Superconductor/Ferromagnet Hybrid Systems
When a superconductor (S) is put in contact with a normal metal (N), the normal metal takes on some superconducting-like properties near the S/N interface. This "proximity effect" can extend several hundreds of nanometers into the N layer at very low temperatures. When a superconductor is put in contact with a ferromagnet (F), the situation is more interesting, as illustrated in the cartoon to the right. The ferromagnet F is represented by a spin-up band and a spin-down band, which are separated by the twice the exchange energy, Eex. When the two electrons from a Cooper pair enter F, they must enter different spin bands. Hence the pair acquires a finite momentum ℏQ, where Q = kF↑ - kF↓ = 2Eex/ ℏvF. Alternatively, one can say that the pair correlation function oscillates with wavevector Q. That oscillation decays algebraically in ballistic systems, or exponentially in diffusive systems. The oscillation period is 2πξF = 2π/Q = hvF/2Eex. Large values of Eex (of order one electron-Volt) in strong ferromagnets lead to very short values of the oscillation period - about 1 nm in Ni, Fe, or Co.

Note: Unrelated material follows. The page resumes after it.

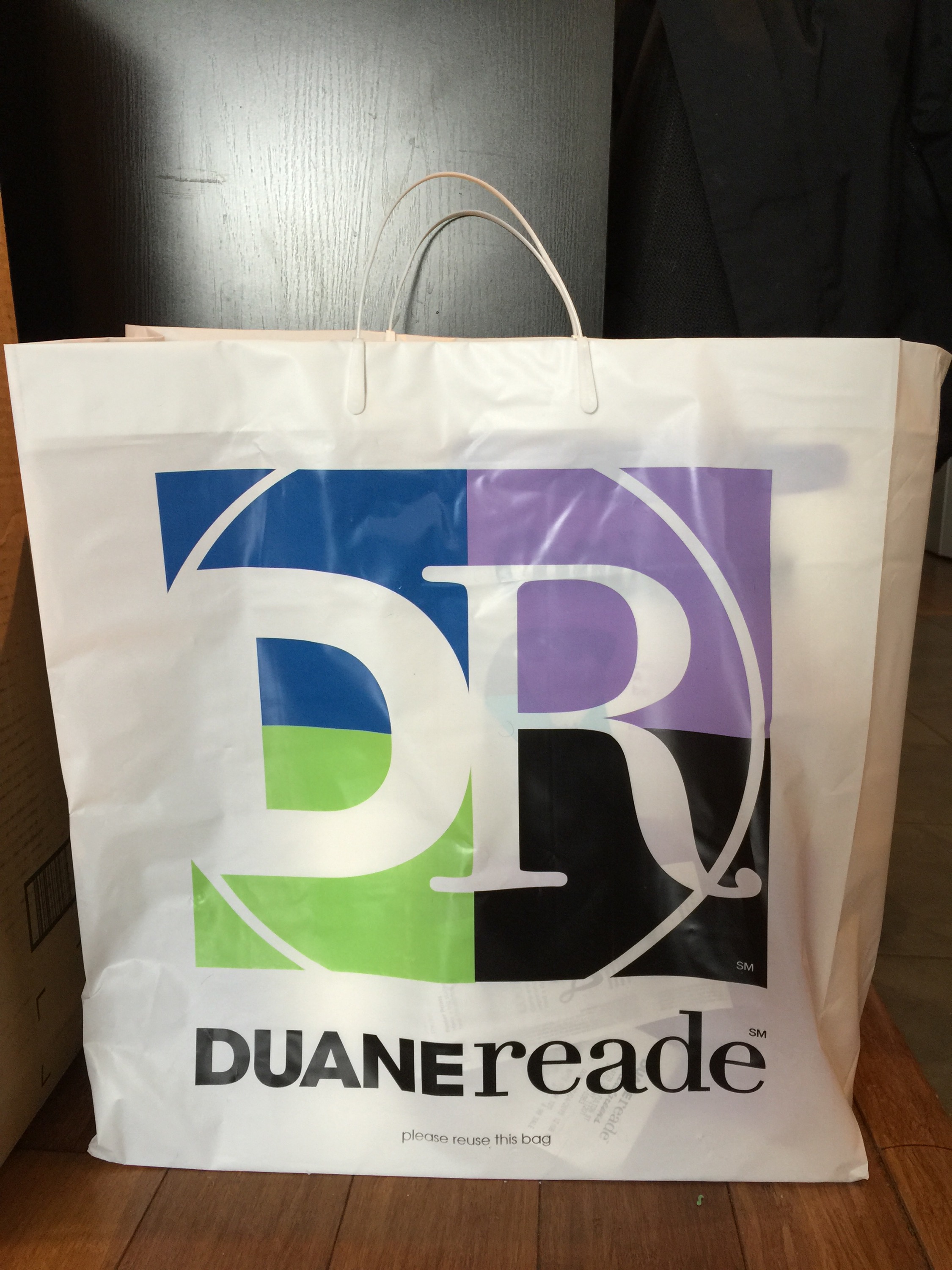 Perception (a present!) is much more exciting than reality (toilet paper) when it comes to what’s in this Duane Reade bag.

Applications to Cryogenic Memory
Today's supercomputers are large and power hungry. There is an increasing need for data centers and large computing facilities that conventional CMOS technology is not equipped to handle. Estimates suggest a superconducting computer would be orders of magnitude more energy efficient than current semiconductor-based supercomputers. In order to realize this possibility, there is a need for superconducting cryogenic memory. Our collaborators at Northrop Grumman have developed a theoretical memory cell to meet this need that utilizes phase-controllable Josephson junctions like the one we made above. They continue to work on the read/write mechanism for the memory cell as well as the superconducting logic circuits for the supercomputer. Once our switchable junctions are fully optimized, we plan to combine them with Northrop's cell to create a fully functional Random Access Memory.